Mereka mendatangi seorang pria tua yang besar dan tangguh. “Widar, orang ini tadi ingin masih bergabung menjadi Gridor. Namanya Khaigor.”

“Heuhh... Menjadi Gridor, anda baru saja bersedia mempertaruhkan segalanya, pekerjaan yang bisa saja lebih sulit dari pada melawan seorang manusia sendirian,” ucapnya.

“Aku siap menjadi itu, aku tak ragu dan siap dengan segala apa pun.”
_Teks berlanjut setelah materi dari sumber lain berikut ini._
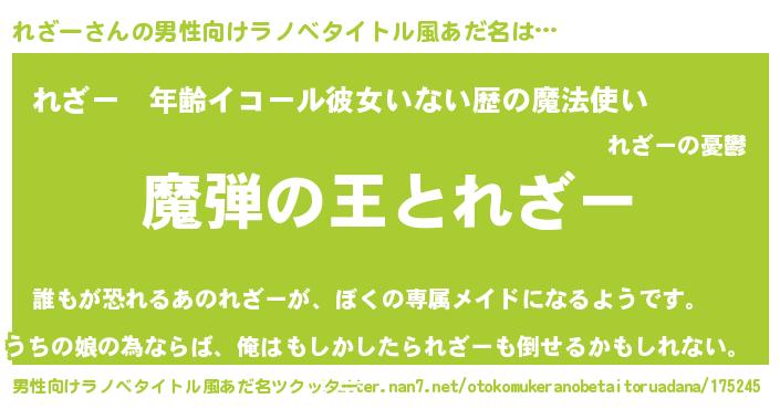 | 意味不明あだ名 | 『住所不定無職れざー(41歳)』 |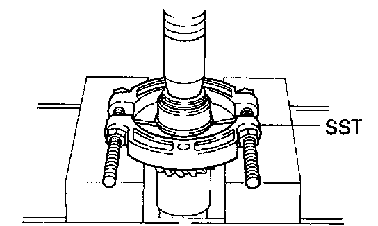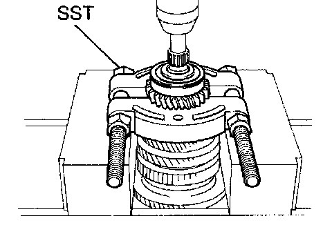 b. Using SST and a press, remove the 3rd driven gear and 2nd gear.

“Ingat, ini juga kemungkinan akan berkaitan dengan orang-orang yang kau kenal. Jadi bersiaplah menghadapinya. Tempat markas kami di wilayah Barat sana, cukup jauh dari pemukiman kerajaan, jadi dalam tiga hari ini kita akan berangkat ke sana. Bersiaplah.”

Di dalam rumahnya Khaigor merenung duduk di atas kasurnya. Mengingat keputusan itu. Lalu berbaring di atas ranjangnya. Mempertanyakannya dalam hati, “Apa yang harus menjadi beban yang membuatku lebih baik tidak menanggungnya?”

Ketika dia tertidur dalam mimpinya, “Kalistha, Kalistha? Bunga itu kenapa ada di tanganmu?” “Delina, kenapa kau memutus juntaian tanaman itu?”

Kalistha mengambil bunganya lagi, membuat Khaigor keheranan padahal seingatnya dia yang melarang Khaigor memetiknya. Wajahnya diam menatap Khaigor memegang bunga itu dengan kedua tangannya, dengan ekspresi wajah yang penuh emosional. Setelah terbangun, Khaigor bergumam sendiri, “Tidak mungkin bunga itu terkutuk untuk yang memetiknya. Astaga padahal Kalistha dan Delina sudah tidak ku temui lagi.” Mengingat kerajaan tempat mereka dulunya tinggal telah hancur.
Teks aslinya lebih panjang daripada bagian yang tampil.